I think so. Nothing says that Revelation can only use one picture per concept: and certainly in other parts of the Bible the church is described in terms of architecture and in terms of matrimony. A bride is the best analogy for certain aspects of the church; a city is the best analogy for others; a body is the best analogy for yet others.


----------



## JBaldwin (Nov 22, 2010)

Is this not the passage so many use to talk of heaven? The gated city, the streets of gold, etc. This changes everything in my mind and brings so many things into focus. It shows that our relationship with Christ is the focus of eternity (as of course other scriptures support). It solidifies my conviction that the heaven we hear about from the world is nothing like the heaven portrayed in Scripture.


----------



## py3ak (Nov 22, 2010)

Yes, I think that is the source from which the golden streets and the cubical city (by some accounts, hovering over the earth like a Goa'uld mothership) are drawn.

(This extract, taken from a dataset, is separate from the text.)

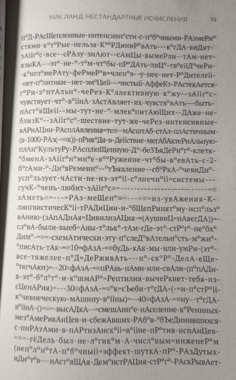 >>157486 Прочитал Нестандартные исчисления, а вмесчте с ней всё о Нике Ланде, вышедшее на русском. 1. Зиг○тическАя -==х=к○ДА (варим л0бстер0в) - 13 страниц миксера в глаза. Вроде слова коннектятся и подходят друг к другу, но получается шизофазия. Жду оцифровку книги,чтобы ○ перевести в О и нормально прочитать. "..запрыгни на геноцид экспресс и каждый захочет обсыпать тебя деньгами и выебать тебя до потери сознания - вот это Аушвиц навсегда" 2. Механомика - не лезь сюда если ты профан в математике, не шаришь за Кантора и Гёделя. Написано тоже сложно 3. Нестандартные исчисления - прикольный трансгрессивный текст после прошлых двух. Иногда прослеживается связь между предложениями и даже абзацами. 5. Введение в йцукеномику - короткая глава, желательно знание линала и информатики 6. Введение в каббалу - первые параграфы критикуется "профанная нумерология" и выставляется в хорошем свете каббала как гиперверовательный механизм и деантропный поиск Внешнего 7. Критика трансцендентального мизебарализма - критика марксистов с позиции акселерационизма 8. Шрязная шутка - прикольный weird трип 9. Телеоплексия - сложный текст, манифест акселерационизма. Первое прочтение едва ли внесло ясность в понмание текста целиком, и ничего не дало тому, кто уже шарит за акселерационизм 10. Шансы и цели. От математики и теории вероятности переходим к экономике и ИИ. Для прочтения нужно быть прокачанным во всех этих сферах. ------------------ ГИКК - серия weird-рассказов, вдохновлённых Лавкрафтом. База не требуется 11. (Ид)онтичность - понравилась глава "я была марионеткой ГИКК" 12. Клуб Ктулху - весьма затянутый ряд историй, где раскрывается гиперверие, лемурианская магия и путешествие во времени. Первая часть про Берроуза, открывшего гиперверие, вторая про исследователей племени в Индонезии.

But Revelation (and the Psalms!) seem pretty clear that in actual fact the redeemed and glorified bodies of the elect take up space in the new earth.


----------



## Skyler (Nov 22, 2010)

New series on TBN: Stargate Eschatology.


----------



## Peairtach (Nov 29, 2010)

In my humble opinion Babylon in Revelation is the Church gone bad, and she is also presented as both a woman and a city.



> and showed me the holy city Jerusalem coming down out of heaven from God,



This points to the Church's progressive realisation in history by Christ outpouring His Spirit of the ideal Church as well as her cleansing and completion at the end of time In my humble opinion.

The Bible repeatedly speaks of the Church as a Bride/Woman and as a City (usually "Jerusalem" or "Zion") e.g. Psalm 46.

In my humble opinion - and I may well be wrong because Revelation is a difficult book, and I don't think God wants to necessarily give us the equivalent of history before the time - Revelation 6 to Revelation 11 are primarily about the Destruction of the Old Jerusalem, although there are other themes in there and general principles apply to still future times and places. 

Revelation corresponds somewhat to the Olivet Discourse in that it firstly deals with the Destruction of Jerusalem, but also anticipates the Second Advent. 

Then you have the Woman in the Desert.

Then you have the Whore, because of secular (Beast from the Sea) and ecclesiatical (Beast from the Earth) and demonic (The Great Red Dragon) influence.

Statist persecution, ecclesiatical falsehood and error and persecution and apostate Christianity are still with us. Postmillennialism would anticipate great progress on these fronts before the end of history. E.g. Revelation 19.

Take all this with a slight or large pinch of salt.


----------